# NFL - football fans are there any of them here



## Marko

Cant believe there is no topic about it!


----------



## Pappy

By the looks of the empty seats in the stadiums, I think the NFL has shot themselves in the foot. That, and the fact my Giants need a total overhaul.


----------



## Buckeye

I quit watching a few years ago when it became theater instead of sport.  Don't miss it at all

GO BUCKS

Hoot


----------



## Pappy

Today’s college football has it all over pro ball. Some pro players catch a ball and you would think They conquered Mt. Fuji. One player even hid a cell phone behind the goal post.
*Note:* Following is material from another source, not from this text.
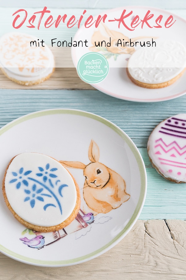 Einfaches Rezept für hübsche und besondere Osterei-Plätzchen, die sich mit Zuckerguss, Lebensmittelfarbe, Fondant oder Airbrush verzieren lassen

And the disrespect for the flag...won’t even go there.


----------



## Marie5656

*Just read that the NFL has canceled the Sunday Night Football game this weekend.

You are right, not a lot of football threads here.  Being in western NY State, we will sometimes, in the right company, claim to still root for the Buffalo Bills.  
*


----------



## DaveA

I watch pro football every week, during the season.  I too did not enjoy the foolishness regarding not standing for the National Anthem but it seems that they just moved the camera shots away from the sidelines and the problem (IMHO) seems to have gone away.  I've been watching morons not removing their hats for years.  Always a few slow learners.

I was a Giants fan back in the 50's when they were the only team to watch (in B&W) on TV, at least here in the northeast. Y.A. Tittle,, Charley Conerly, Frank Gifford, etc.  They had some powerhouse teams back then in a much smaller NFL.  Some legendary games again Otto Graham and the Browns.  Since the AFL came into being, I've been a Patriots fan and live about 35 miles from the stadium in Foxboro.  They're having another decent season, after a shaky
start, and have been struggling lately.  Brady's thrown picks in 5 or 6 games in a row.  Not something to be expected from him, the last time it happened was in 2002.  They may come to rue the day they traded Jimmy Garoppolo to the 49ers  and Brisset to the Colts as they're now left with  Brian Hoyer as a back-up QB.  He started with the Pats and has been with 10 teams in 10 years???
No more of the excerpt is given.